Setsuo Ito v Dryvit Sys.
2004 NY Slip Op 02351 [5 AD3d 735]
March 29, 2004
Appellate Division, Second Department
Published by New York State Law Reporting Bureau pursuant to Judiciary Law § 431.
As corrected through Wednesday, May 26, 2004


Setsuo Ito, Appellant,
v
Dryvit Systems, Inc., Respondent, et al., Defendant. (And a Third-Party Action.)

—In an action to recover for damage to property, the plaintiff appeals from an order of the Supreme Court, Suffolk County (Molia, J.), dated January 17, 2003, which denied his motion pursuant to CPLR 3124 to compel the defendant Dryvit Systems, Inc., to comply with his discovery demands.

Ordered that the order is affirmed, with costs.

"The supervision of discovery, and the setting of reasonable terms and conditions for disclosure, are within the sound discretion of the Supreme Court.
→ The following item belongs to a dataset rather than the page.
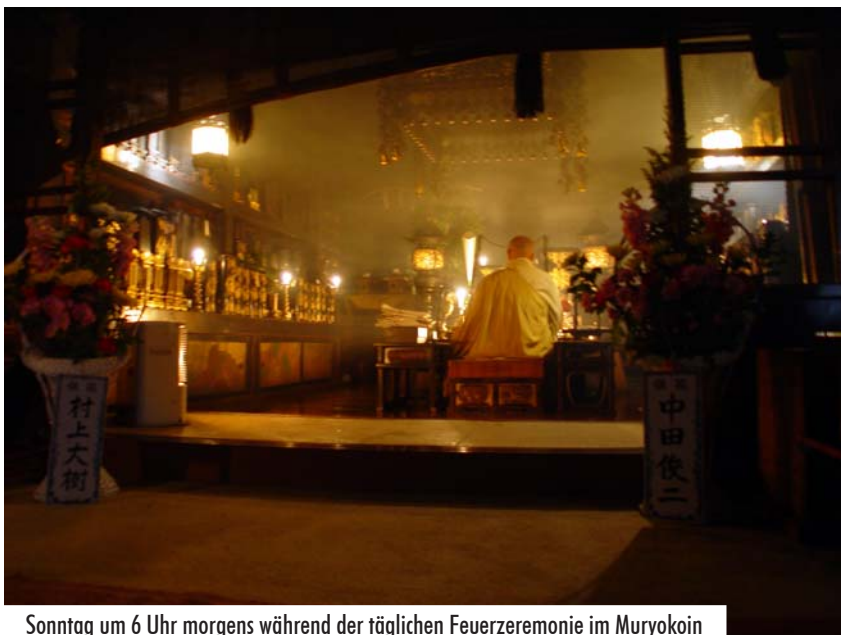
Sonntag um 6 Uhr morgens während der täglichen Feuerzeremonie im Muryokoin

Nachzureichen ist auch, dass in früheren Zeiten in derlei Kneipen das Tagesgeschäft fortgesetzt wurde. Was tagsüber nicht verhandelt werden konnte oder sollte, wurde hier getan. Dabei sollen sogar Na-

The Supreme Court's discretion is broad because it is familiar with the action before it, and its exercise should not be disturbed on appeal unless it was improvidently exercised" (Provident Life & Cas. Ins. Co. v Brittenham, 284 AD2d 518 [2001]). The Supreme Court providently exercised its discretion in this case in denying the plaintiff's motion to compel. However, the plaintiff may, if he be so advised, serve a new demand tailored to the component or components actually installed. Ritter, J.P., Smith, Friedmann, H. Miller and Crane, JJ., concur.